Cristallina e coinvolgente si impose, a quelle parole, la risata della donna guerriero, lasciandola apparire sinceramente divertita dall'affermazione del proprio compagno, anche ove, in tutto ciò, alcuno avrebbe potuto trovare ragione di divertimento.
In tali reazioni, nonché negli eventi a cui le medesime facevano riferimento, chi non confidente con lei, con colei che ella era abitualmente, avrebbe potuto considerarla una figura sadica, assetata di sangue e di sofferenza altrui, desiderosa di combattere al solo scopo di raggiungere l'estasi nelle grida di dolore, di pena, dei propri avversari. Tuttavia, anche per colui che pur non fosse stato confidente con lei, sempre quanto accaduto in quegli ultimi giorni avrebbe dovuto essere accolto quale una testimonianza totalmente diversa, e volta a dimostrare quanto, in verità, ella non fosse quel genere di donna: sarebbe infatti stato sufficiente spingere la propria mente, il proprio ricordo, a quanto accaduto all'interno della locanda dell'Ultima Speranza, là dove, posta in assedio da ben quattordici antagonisti invocanti la sua morte, e decisi a ottenerla in ogni modo, con ogni mezzo, ella aveva trattenuto i propri gesti, aveva frenato i propri attacchi, allo scopo di non lasciare, sul pavimento del locale, neppure un cadavere, e, soprattutto, a non imporre eccessivo danno ad alcuna delle proprie controparti, pur, ovviamente, inibendo da parte loro ogni possibilità d'ulteriore offensiva così come ogni brama d'ulteriore scontro. Ella, nel contesto proprio della sfida lanciatale da quei quattordici, avrebbe avuto ogni diritto, morale e sin'anche legale, per richiedere da tutti loro una fredda e impietosa morte, falciandoli non diversamente dal villano innanzi a grano maturo e pronto per esser trasformato in farina e pane. Ciò nonostante, ella, in tutto ciò, non aveva avuto un solo istante di esitazione, un solo attimo di incertezza, nel merito delle proprie priorità, delle proprie volontà, rifiutandosi di concedere la carneficina pur invocatale e imponendo su tutti nulla di più, nulla di diverso, da un'allegra rissa da osteria, sebbene l'unica alfine in grado di ridere di tutto ciò fu solamente lei.

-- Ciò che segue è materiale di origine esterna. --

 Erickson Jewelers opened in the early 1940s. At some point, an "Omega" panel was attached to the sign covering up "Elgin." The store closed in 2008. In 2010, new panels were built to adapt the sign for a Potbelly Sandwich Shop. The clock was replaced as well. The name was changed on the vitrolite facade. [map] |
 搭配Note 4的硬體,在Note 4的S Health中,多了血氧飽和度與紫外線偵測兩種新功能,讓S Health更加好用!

Consapevolezza ovviamente propria anche di Howe, quella dell'effettiva natura dell'animo della propria compagna, non sì spietata, non sì brutale, se non, come nel confronto con Quilon, indotta a essere tale, utile allo shar'tiagho a permettergli di ben intendere il senso proprio di quella risata e, in esso, potervi prendere a propria volta parte.

« Thyres… in effetti credo di essermi lasciata andate un po' troppo con lui… » riconobbe ella, lasciando scemare le proprie risate « … non che non se lo meritasse, sia chiaro. » puntualizzò, a non permettersi di obliare a quale genere di persona fosse lo spadaccino.

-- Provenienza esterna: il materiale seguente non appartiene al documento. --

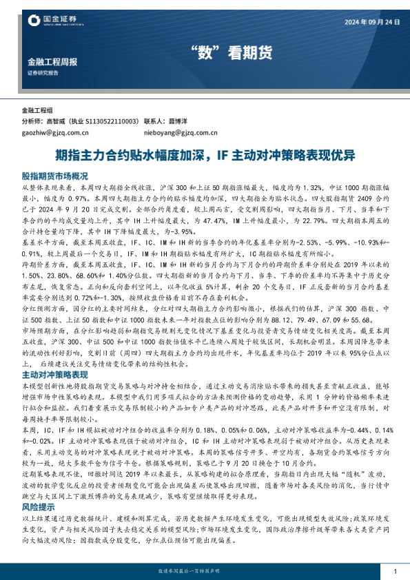 【国金证券】【20240924】“数”看期货:期指主力合约贴水幅度加深,IF主动对冲策略表现优异-12页

« Sì… giusto un pochino. » sorrise l'altro, annuendo alle sue parole.
« Comunque sia… » riprese, a non lasciar cadere nel nulla il quesito formulato dal proprio interlocutore, e in risposta al quale ancora non aveva offerto risposta alcuna « Quilon, nonostante tutte le sue colpe e i suoi difetti, aveva un importante, fondamentale pregio… non per proprio merito, sia chiaro. »
« Un pregio… non per proprio merito? » ripeté Howe, aggrottando la fronte con aria poco convinta nel merito della particolare scelta di termini da lei adottata, e tale da non rendere effettivamente immediata l'intuizione del significato dei medesimi « Oh… » soggiunse poi, lasciandosi cogliere da un'idea, aiutato nella definizione della medesima dal confronto psicologico con quanto ella si era premurata di condurre seco della loro ex-guida « Intendi riferirti al suo braccio sinistro?! »
« Esattamente. » annuì la mercenaria, ora soddisfatta dell'attenzione dimostrata dal compagno di viaggio, nel non costringerla a guidarlo passo a passo verso la piena consapevolezza di quanto accaduto e di quanto sarebbe dovuto ancora accadere « Nel momento in cui egli si impegnò a restare per il resto della propria vita asservito a coloro che forgiarono il suo braccio, così come, anche, il mio, essi riconobbero al suo arto una caratteristica unica, che nessun altro, al di fuori di lui, avrebbe potuto caratterizzare: lo resero una chiave d'accesso alla meta finale del nostro viaggio… alla Vallata. »
« Lohr. » sussurrò l'uomo, rabbrividendo, nel proprio intimo, al riproporsi della tematica del giusto prezzo, e, soprattutto, della condanna che lo stesso Quilon aveva accettato qual propria al solo fine di riottenere un arto che, tuttavia, difficilmente avrebbe potuto impiegare ancora nel proprio futuro, relegato in tutto ciò al ruolo d'usciere, servo volontario a una corte maledetta, qual necessariamente avrebbe dovuto essere immaginata la medesima alla quale anch'egli stava volontariamente sospingendo i propri passi.
« Comprenderai, ora, il perché, volente o nolente, sia stata costretta a coinvolgere anche lui nella faccenda, in questo nostro allegro viaggio verso la fiera dei surrogati… » ironizzò la donna guerriero, sorprendendo persino se stessa per quel nuovo, originale termine individuato a indicare il luogo verso il quale si stavano dirigendo e che, impossibilitata a definirlo in altri modi, aveva accettato di indicare con il medesimo nome già scelto da parte dello spadaccino « In effetti, volendo essere sincera, avevo a lungo sperato che egli fosse già morto e che un'altra guida avesse preso il suo posto. Anche se, a posteriori, non posso che ammettere quanto anche questa riunificazione, dopo tanto tempo, non si sia dimostrata del tutto vana. »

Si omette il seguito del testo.